Aftershock raises earthquake’s death toll
GAYAN, AFGHANISTAN » An aftershock took more lives Friday and threatened to pile even more misery on an area of eastern Afghanistan reeling from a powerful earthquake that state media said killed 1,150 people this week.
Among the dead from Wednesday’s magnitude 6 quake are 121 children, but that figure is expected to climb, said Mohamed Ayoya, UNICEF’s representative in Afghanistan. He said close to 70 children were injured.
That earthquake struck a remote, mountainous region already grappling with staggering poverty at a time when the country as a whole is spiraling deeper into economic crisis after many countries pulled back critical financing and development aid in the wake of the Taliban’s takeover. On Friday, Pakistan’s Meteorological Department reported a new 4.2 magnitude quake that state-run Bakhtar News Agency reported took five more lives in hard-hit Gayan District and injured 11 people.
International aid had been keeping the country afloat, and its withdrawal left millions unable to afford food and further strained already struggling medical facilities. Nearly half the population of 38 million cannot meet their basic food needs, while some civil servants, including doctors, nurses and teachers, weren’t paid for months because the Taliban government is unable to access frozen foreign reserves. Salary delays continue throughout the public sector.
Aid impeded
Afghanistan’s international isolation is also complicating relief efforts, since fewer aid organizations have a presence in the country, and international sanctions on Afghan banks make it difficult to send cash into the country. Despite waivers from the U.S. Treasury Department that allow money to be sent to aid groups, banks are hesitant to handle such transactions for fear of running afoul of rules anyway.
Aid groups lament that means they have to pay local staff with bags of cash, physically carried into the country by their staff, then distributed throughout the provinces in person. The process is expensive, incurring fees along the way for transport and security.

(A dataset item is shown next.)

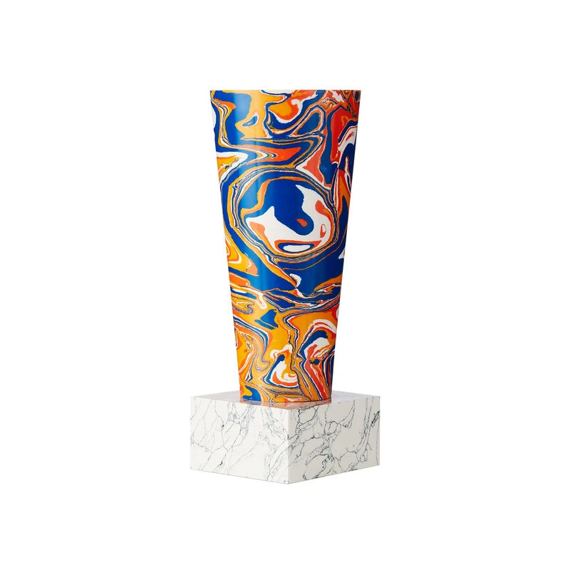 A psychedelic interpretation of the Italian post-modernist aesthetic, the Swirl collection has a certain pop feel about it. Adorned with bold patterns, the geometric shapes are stacked to create multi-dimensional and functional sculptures. Tom Dixon pursues his artistic research inspired by post-consumer processes, the waste phenomenon and its management, and the recycling practices of used materials. The Swirl collection is made up of a material that imitates marble, made from industrial waste : recycled marble powder from sawmills. This powder is mixed with coloured pigments and resin. The material is then cut and turned by hand. The marble pattern provides superb mineral decoration. Because of the pigmentation process, each piece has a unique pattern. The Swirl vases are inspired by Ikebana, the Japanese art of flower arranging. Anchored to a heavy base, the cylindrical vases wonderfully showcase flowers and foliage.

Aid organizations including the local Red Crescent and United Nations agencies like the World Food Program have sent food, tents, sleeping mats and other essentials to families in Paktika province, the epicenter of the earthquake, and neighboring Khost province. Several countries have sent cargo planes of aid.
Still, residents appeared to be largely on their own to deal with the aftermath, as their new Taliban-led government and the international aid community struggle to bring in help. The shoddy mountain roads leading to the affected areas were made worse by damage and rain.